The tested host OS for GIM is Ubuntu16.04.2. All other hypervisor SW(KVM, XEN, QEMU, LIBVIRT) versions are aligned with default version of OS.

To be more specific then it lists Ubuntu 16.04.2 server wit kernel 4.4.0-75-generic. GIM also supply a kernel patch which is made for 4.4.0-75-generic.

I have therefor installed Ubuntu 16.04.2 which default comes with kernel version 4.4.0-173-generic. I ended up downloading kernel version 4.4.0-75-generic and setting it as my default kernel in grub in order to follow the recommendations from the GIM repo as close as possible. After doing this then I get a problem with my ethernet adapters and lshw -class network does not list them any more. I think thats because the ethernet drivers are not available in that kernel version.

So as I got problems with my ethernet adapters I changed back to use kernel 4.4.0-173-generic. I cloned the GIM repo and compiled the driver. which gives me a gim.ko file. When I run make install I get the following error:

make -C /lib/modules/4.4.0-173-generic/build M=/home/miivers/projects/drivers/MxGPU-Virtualization/drv modules_install
make[1]: Entering directory ‘/usr/src/linux-headers-4.4.0-173-generic’
INSTALL /home/miivers/projects/drivers/MxGPU-Virtualization/drv/gim.ko
At main.c:222:

  • SSL error:02001002:system library:fopen:No such file or directory: bss_file.c:175
  • SSL error:2006D080:BIO routines:BIO_new_file:no such file: bss_file.c:178
    sign-file: certs/signing_key.pem: No such file or directory
    DEPMOD 4.4.0-173-generic
    make[1]: Leaving directory ‘/usr/src/linux-headers-4.4.0-173-generic’
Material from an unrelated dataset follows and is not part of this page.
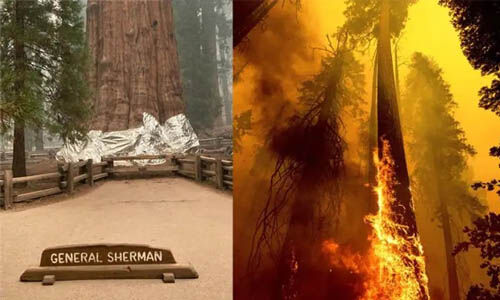 കാലഫോര്ണിയയില് കാട്ടുതീ പടര്ന്നുപിടിച്ചന്നതിനെ തുടര്ന്ന് ലോകത്തിലെ ഏറ്റവും വലിയ മരമായ ജനറല് ഷെര്മനെ സംരക്ഷിക്കാന് അടിഭാഗം തീയെ പ്രതിരോധിക്കാന് ശേഷിയുള്ള അലുമിനിയം ഫോയില് പേപ്പര് ഉപയോഗിച്ചാണ് അഗ്നിശമന സേനാംഗങ്ങള് പൊതിഞ്ഞത്. ഇത് വലിയ രീതിയില് മരത്തെ കാട്ടുതീയില്നിന്ന് രക്ഷിച്ചതായി കാണപ്പെട്ടു. എന്നാല്, ഇപ്പോഴുണ്ടായ കാട്ടുതീയില് ഇത്തരത്തിലുള്ള മരങ്ങള്ക്കും നാശനഷ്ടമുണ്ടാവുകയായിരുന്നു.
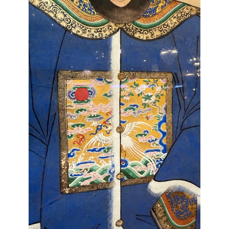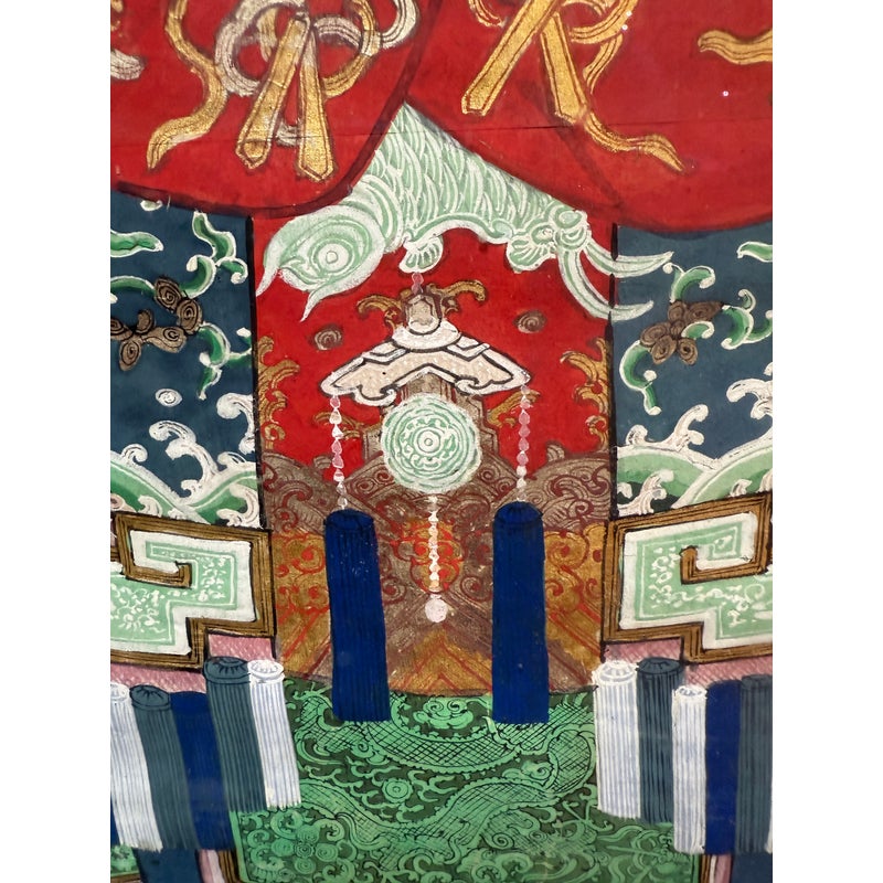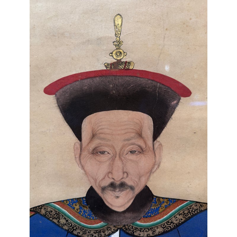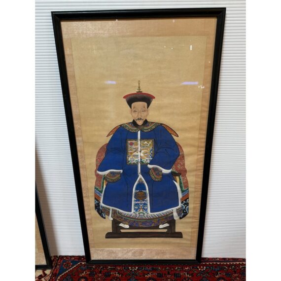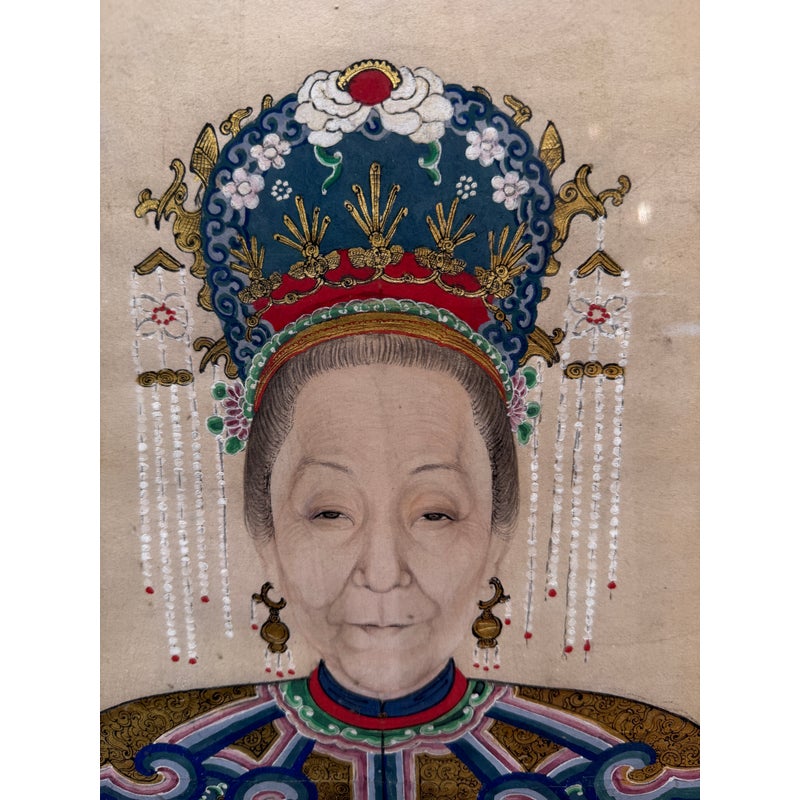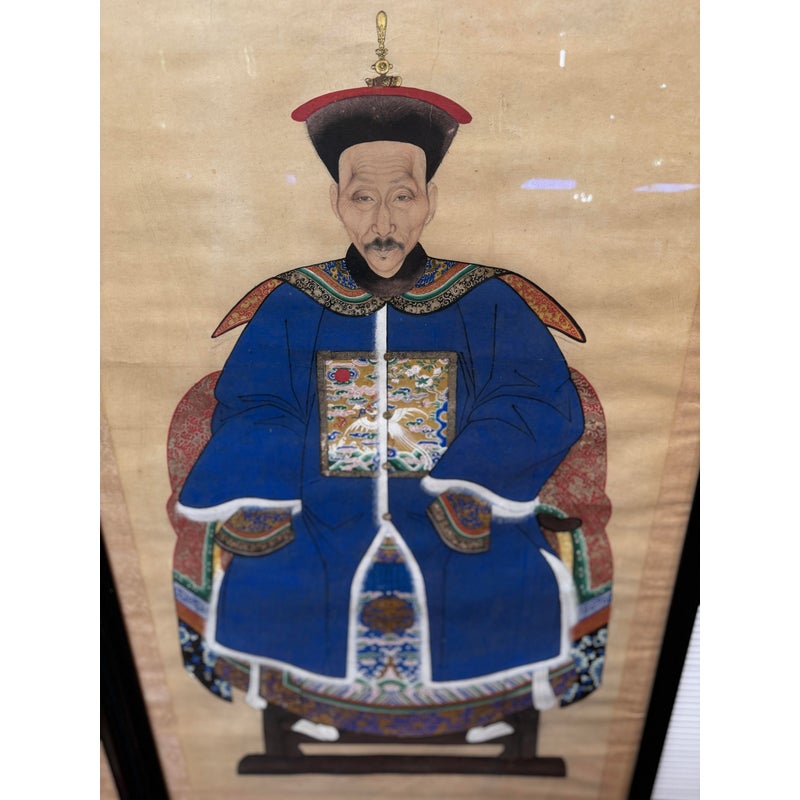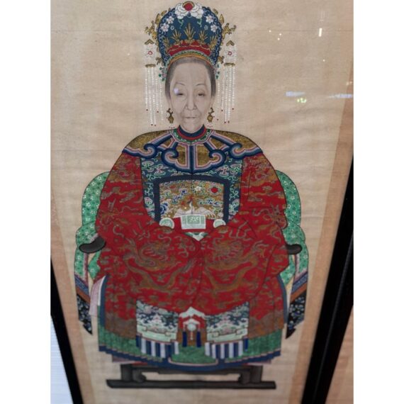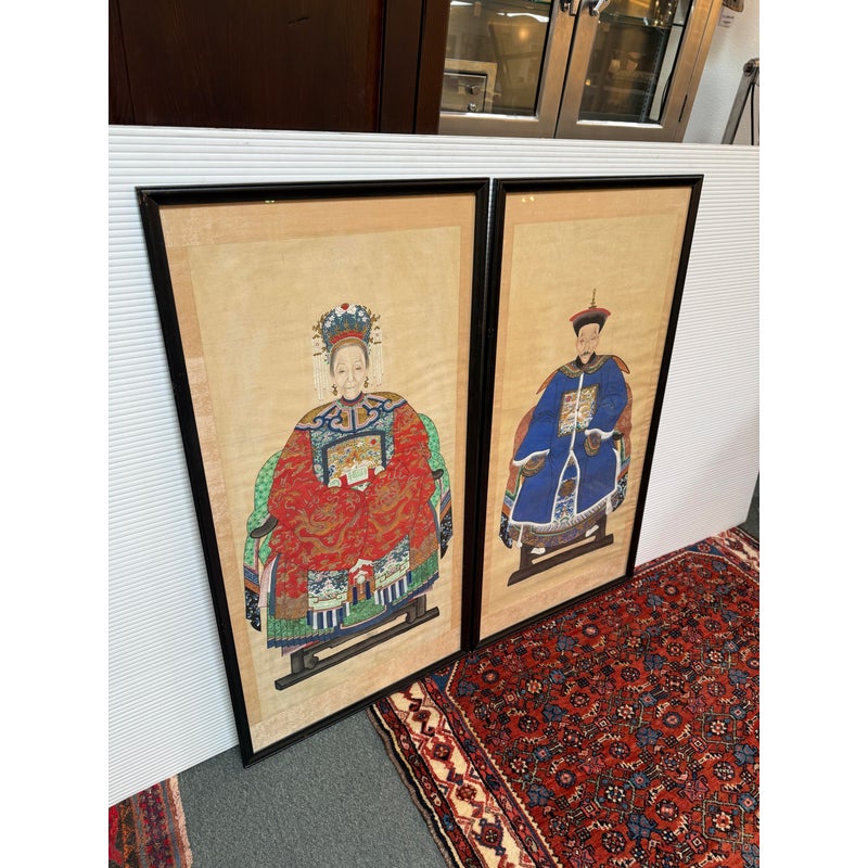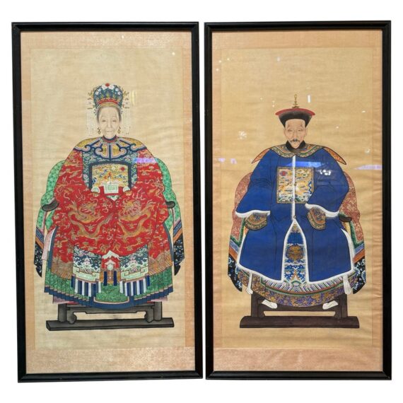 Design Plus Gallery presents a Set of Two Ancestrial Prints of the Emperor & Empress. Both are identically framed and proportioned to complement each other realistically. The set depicts the rulers in ceremonial attire, such as robes with symbols of dragons and phoenixes, to convey power, status, and continuity with tradition. These paintings were prominent during the Qing Dynasty and used to legitimize rule and honor deceased imperial family members, emphasizing their importance and connection to Chinese history and culture. They are both in good condition for their sage.

To me it seems like signing the kernel driver fails. I therefor installed sudo apt install shim-signed and ran sudo update-secureboot-policy --new-key. When i tried running make install again and got the same error. I found a guide for signing kernel modules which I followed. Along the way I got the error EFI variables are not supported on this system. After some googleing I found a page which say that older Ubuntu versions has issues signing kernel modules on non UEFI systems. I restarted and changed my boot options from bios to UEFI and disabled secure boot. After doing this I could no longer see my drive in the boot menu(have installed ubuntu on the redundant SD card module). So I reverted these changes. I then tired to add “module.sig_enforce=0” to the linux command line /etc/default/grub and run sudo update-grub and rebooting. I ran insmod gim.ko. lsmod then shows:

Module Size Used by
gim 1007616 0

So it is loaded but not in use.

This is the rest of lsmod output:>

lsmod | grep -i amd
amdkfd 131072 1
amd_iommu_v2 20480 1 amdkfd
amdgpu 991232 0
i2c_algo_bit 16384 1 amdgpu
ttm 98304 1 amdgpu
drm_kms_helper 155648 1 amdgpu
drm 364544 4 ttm,drm_kms_helper,amdgpu

And the lspci output:

lspci -k
05:00.0 VGA compatible controller: Advanced Micro Devices, Inc. [AMD/ATI] Tonga XT GL [FirePro S7150]
Subsystem: Advanced Micro Devices, Inc. [AMD/ATI] Tonga XT GL [FirePro S7150]
Kernel driver in use: amdgpu
Kernel modules: amdgpu

The following lines is added to /etc/modprobe.d/blacklist.conf

blacklist amdgpu
blacklist amdkfd

I though this should blacklist amdgpu?

Well I am not sure what I should do next. To me it seems amdgpu is loaded even though I blacklist. The GIM driver seems to be loaded(manually) but not in use. Looking for input for what I should do next.

is SR-IOV enabled on the system’s firmware?

1 Like

SR-IOV is enabled from BIOS and virtualization is enabled. I should add that I have tested with ESXI before where the graphics card show up as 16 devices. ESXI require enterprice licenses so I am trying out KVM.

From what I understand I need to prevent the system from using amdgpu as the driver for the graphics card. Thats the whole point with blacklist amdgpu or am I missing something? So when I run lspci -k I should not see amdgpu as the driver in use?

If I were you, I would start with VMware first to confirm if everything works first.
What I heard from many people is that MxGPU is very finicky to setup.

Try this official deployment guide first,
make sure everything works well with R730,
after that, move to KVM

I will be following your path very soon with S7150 once I get it with decent price.

Let me know how it goes

Will this work as multiple GPU’s on Unraid if AMDgpu driver is blacklisted?